§ Task requirements: For the material below, output exactly the span from the line with "Herrelue med julemønster" to the line with "St 11. 3. 2026", including both, and nothing besides.

§ Material for this task:
[Start of section]

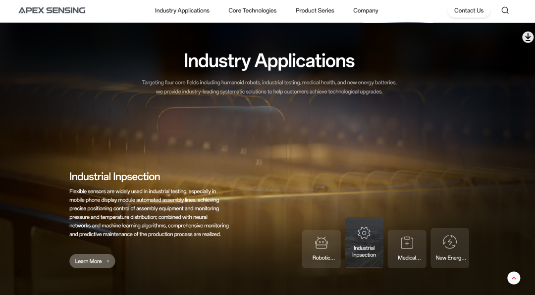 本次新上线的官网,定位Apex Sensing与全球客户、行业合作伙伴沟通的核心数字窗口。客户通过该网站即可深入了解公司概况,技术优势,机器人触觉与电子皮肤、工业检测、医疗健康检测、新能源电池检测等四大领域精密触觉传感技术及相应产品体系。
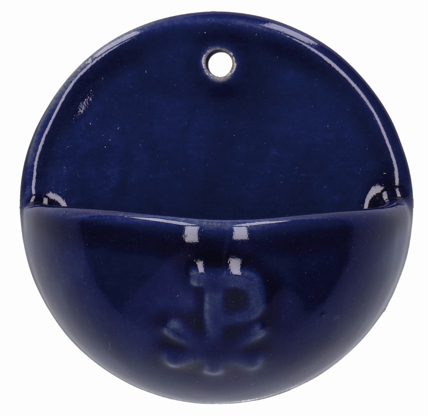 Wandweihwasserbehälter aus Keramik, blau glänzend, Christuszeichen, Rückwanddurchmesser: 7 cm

[End of section]
[Start of section]

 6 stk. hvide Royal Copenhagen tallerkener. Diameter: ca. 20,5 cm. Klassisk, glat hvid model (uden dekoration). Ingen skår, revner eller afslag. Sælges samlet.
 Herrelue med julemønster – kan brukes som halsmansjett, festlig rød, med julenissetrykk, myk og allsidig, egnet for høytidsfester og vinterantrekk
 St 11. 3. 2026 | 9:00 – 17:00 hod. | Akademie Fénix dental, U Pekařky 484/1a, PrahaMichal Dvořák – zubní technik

[End of section]

§ Exercise solution:
 Herrelue med julemønster – kan brukes som halsmansjett, festlig rød, med julenissetrykk, myk og allsidig, egnet for høytidsfester og vinterantrekk
 St 11. 3. 2026 | 9:00 – 17:00 hod. | Akademie Fénix dental, U Pekařky 484/1a, PrahaMichal Dvořák – zubní technik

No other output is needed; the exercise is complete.